Results: Paired t tests for the initial open-label, single group study showed significant improvement for the Lequesne, WOMAC (p<0.001) and GSRS (p = 0.005) scores. Sub-analysis demonstrated that OA participants taking analgesic and NSAIDs had higher WOMAC, Lequesne and GSRS scores than participants not taking pain relief medications. The percentage change in outcome scores was greater for participants not taking analgesic/NSAID medications suggesting that such medications and GIT symptoms may influence the therapeutic efficacy of GLM extract. The randomised, open-label comparison study showed no statistically significant change in bacterial growth patterns determined by Wilcoxon test. At baseline, both groups did demonstrate GIT dysbiosis as compared to normal healthy control data, with the overgrowth of a number of bacterial species including Clostridium, Staphylococcus, Streptococcus, Enterococcus, Eubacterium, Lactobacillus and Bifidobacterium species. After 12 weeks duration however, both treatment groups demonstrated a notable trend towards a decline in Clostridia and Staphylococcus species and a further increase in Lactobacilli, Streptococcus, Coliforms (Escherichia coli) and Eubacterium species. In the GLM group, Bifidobacteria tended to increase and Enterococcus and yeast species decreased. The GS-treated group demonstrated a trend towards a decrease in Bacteroides and an increase in yeasts and Coliforms (Escherichia coli). Prevotella species were not detected in the GLM-group and were only detected in 2 participants at baseline only in the GS-group. We further confirm significant improvement (p≤0.001) in all OA outcome measures from T0 to T12 weeks for both the GLM and GS groups.
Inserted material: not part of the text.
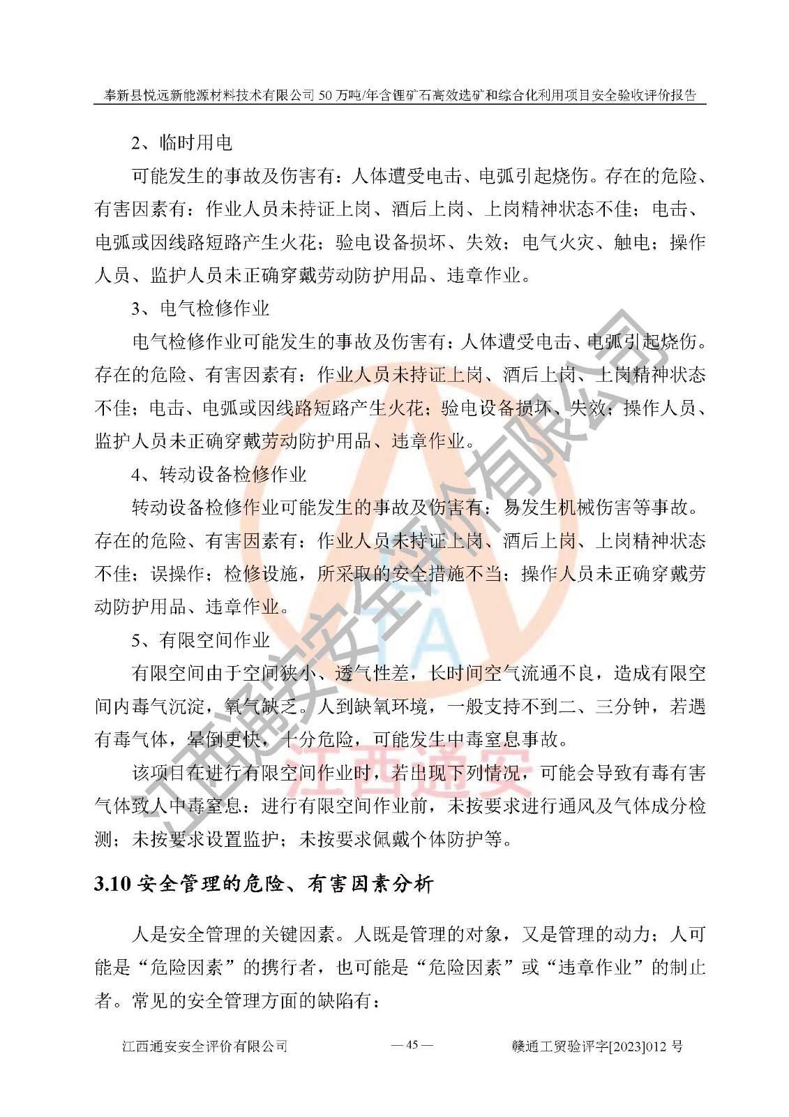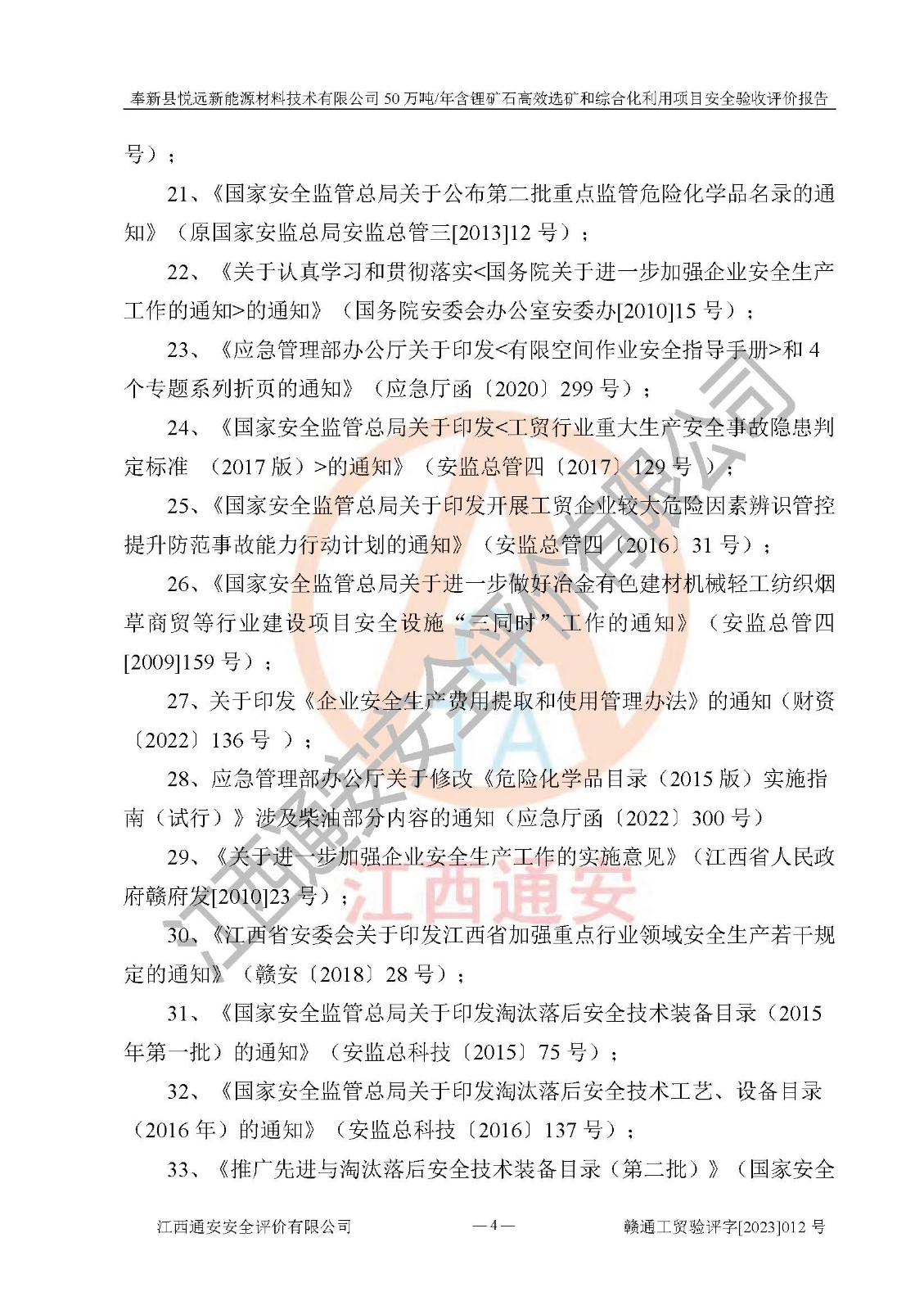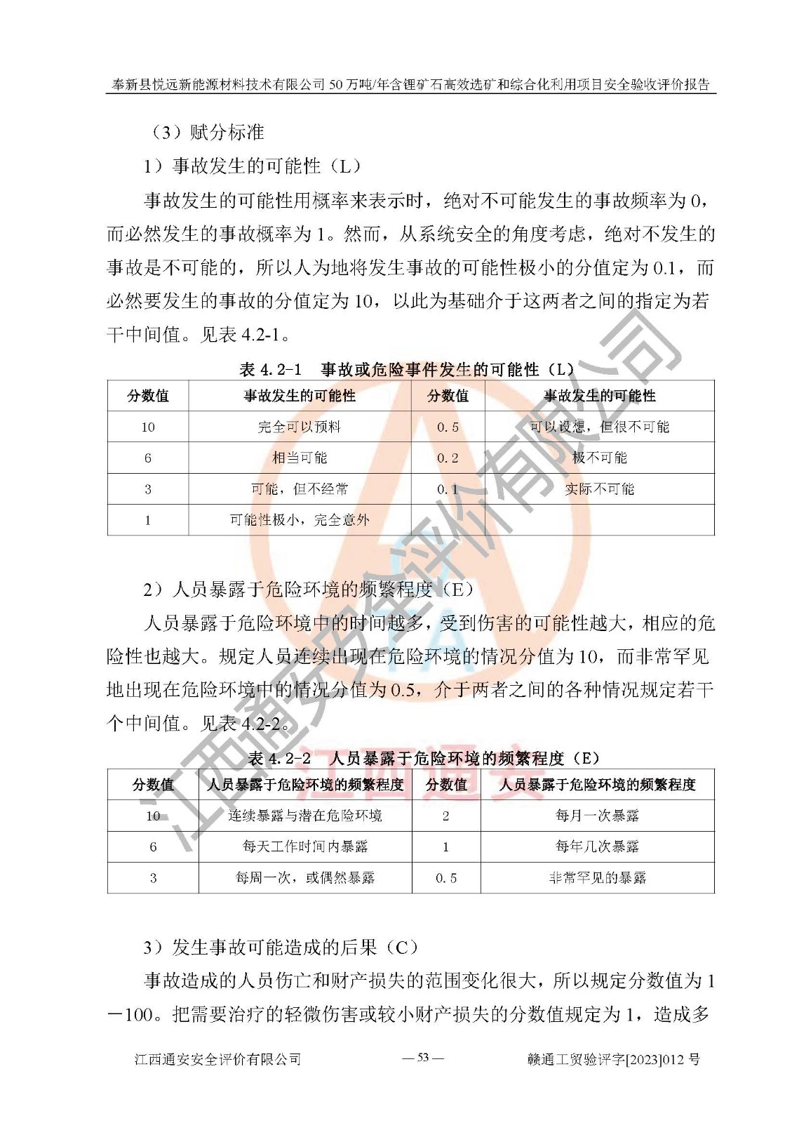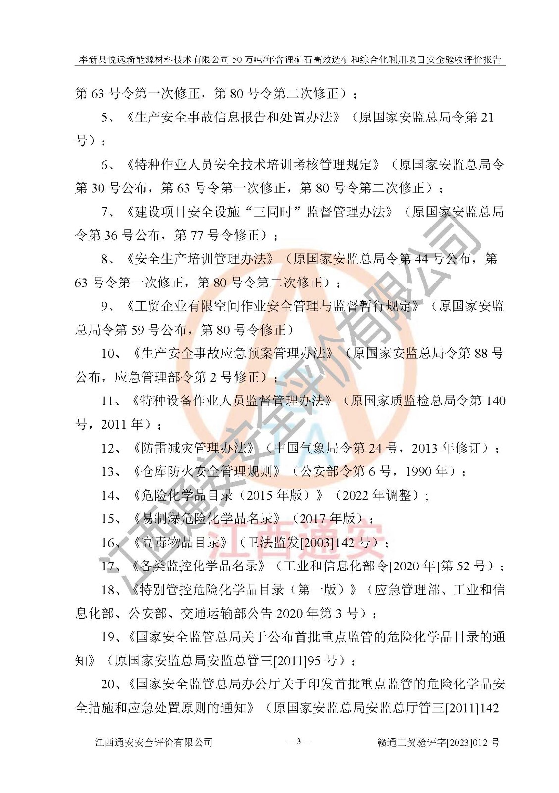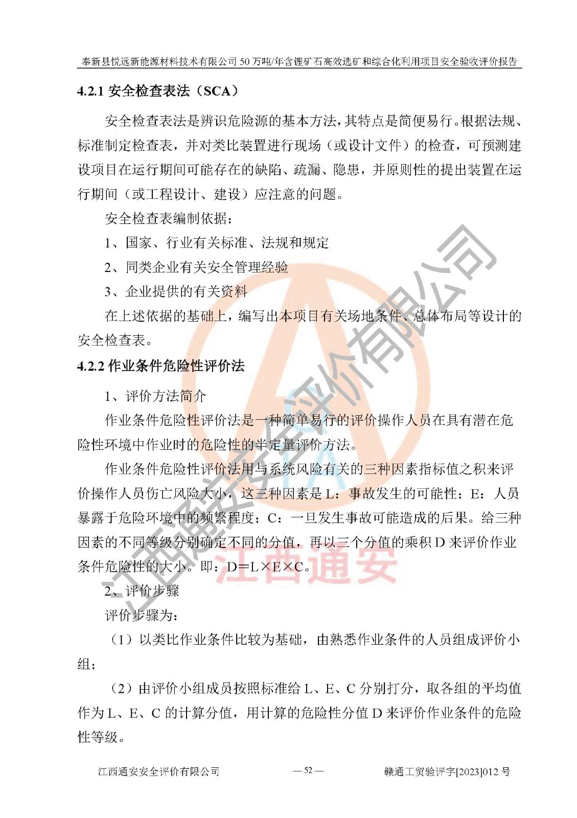 其它 | 根據(jù)《中華人民共和國(guó)安全生產(chǎn)法》、《新建項(xiàng)目安全設(shè)施“三同時(shí)”監(jiān)督管理辦法》(原**安全生產(chǎn)監(jiān)督管理總局令第77號(hào)修訂)等法律法規(guī)的要求,對(duì)奉新縣悅遠(yuǎn)新能源材料技術(shù)有限公司50萬(wàn)噸/年含鋰礦石**選礦和綜合化利用項(xiàng)目安全驗(yàn)收的基本條件進(jìn)行分析,結(jié)果如下: 1)本項(xiàng)目在初步設(shè)計(jì)及建設(shè)過程中基本能貫徹執(zhí)行**、地方及有關(guān)部門的安全生產(chǎn)法律法規(guī)、標(biāo)準(zhǔn)要求,取得了**相關(guān)部門的許可、備案。項(xiàng)目的設(shè)計(jì)、施工、監(jiān)理等單位均有相應(yīng)資質(zhì)。 2)本項(xiàng)目址選符合要求;總平面布置合理,主要建筑的防火間距符合符合《建筑設(shè)計(jì)防火規(guī)范(2018版)》(GB50016-2014)、《工業(yè)企業(yè)總平面設(shè)計(jì)規(guī)范》(GB50187-2012)有關(guān)規(guī)范、標(biāo)準(zhǔn)的要求。 3)本項(xiàng)目生產(chǎn)工藝成熟、試運(yùn)行正常,試運(yùn)行中過程中工藝和裝置、設(shè)備(設(shè)施)安全、可靠,未發(fā)生安全事故。 4)本項(xiàng)目的特種設(shè)備由有資質(zhì)單位設(shè)計(jì)、制造、安裝,未涉及監(jiān)管特種設(shè)備,符合《中華人民共和國(guó)特種設(shè)備安全法》、《特種設(shè)備安全監(jiān)察條例》(中華人民共和國(guó)***令第549號(hào))的規(guī)定。特種設(shè)備作業(yè)人員、特種作業(yè)人員均持證上崗。 5)公司主要負(fù)責(zé)人及安全管理人員已報(bào)名培訓(xùn),特種作業(yè)人員操作證在**期內(nèi),其他從業(yè)人員經(jīng)安全培訓(xùn)符合,取得上崗證。基本符合要求。 6)公司建立有安全管理制度,制定有各類人員的安全生產(chǎn)責(zé)任制、各項(xiàng)安全管理制度和操作規(guī)程。按照**有關(guān)規(guī)定編制了事故應(yīng)急救援預(yù)案并進(jìn)行了備案,并定期進(jìn)行演練等,符合要求。 7)本項(xiàng)目作業(yè)條件危險(xiǎn)性分析結(jié)果:在選定的單元的危險(xiǎn)程度均為“可能危險(xiǎn),需要注意”或“稍有危險(xiǎn),可以接受”,作業(yè)條件相對(duì)安全。 評(píng)價(jià)結(jié)論: 奉新縣悅遠(yuǎn)新能源材料技術(shù)有限公司50萬(wàn)噸/年含鋰礦石**選礦和綜合化利用項(xiàng)目的安全設(shè)施及安全管理符合**及有關(guān)部門關(guān)于安全生產(chǎn)法律、法規(guī)、標(biāo)準(zhǔn)的要求,該項(xiàng)目試生產(chǎn)以來,工藝設(shè)備、安全設(shè)施及企業(yè)安全管理機(jī)制等運(yùn)行正常,安全設(shè)施、措施達(dá)到設(shè)計(jì)要求和預(yù)期結(jié)果,可以滿足建設(shè)項(xiàng)目安全生產(chǎn)的要求,安全生產(chǎn)管理**,具備竣工驗(yàn)收條件。 | ||||

The GSRS scores indicating GIT function, significantly improved over the 12 weeks duration for both GLM extract (p=0.02) and GlcN (p=0.044) supplemented groups.
Conclusion: GLM extract significantly improved knee OA symptoms and GIT symptoms in OA patients at 3000mg/day. The therapeutic efficacy of the GLM extract in treating knee OA was possibly correlated to its effects on GIT function by improving GSRS scores from baseline. Results from the initial pilot trial highlighted the requisite for further clinical investigations of GIT function in OA patients. The randomised open-label comparison study demonstrated that both GLM extract and GS significantly improved knee OA symptoms with a trend towards rescuing a dysbiotic gut that was demonstrated in this cohort. Growth trends in the microbiota profiles occurred in both treatment groups; the most notable being a reduction in Clostridia and Staphylococcus species. This study proposes that dietary supplements such as GLM extract and GS may regulate some of the metabolic and possibly immunological activities of GIT microflora as demonstrated by improved OA symptoms. GIT dysbiosis has previously been reported in Rheumatoid arthritis (RA) patients. Now for the first time we can report that OA patients also demonstrate GIT dysbiosis that may play a role in the aetiopathogenesis of the disease. The GIT microbiota is vital to understanding the pathogenesis of arthritic conditions and the therapeutic activity of orally administered dietary supplements.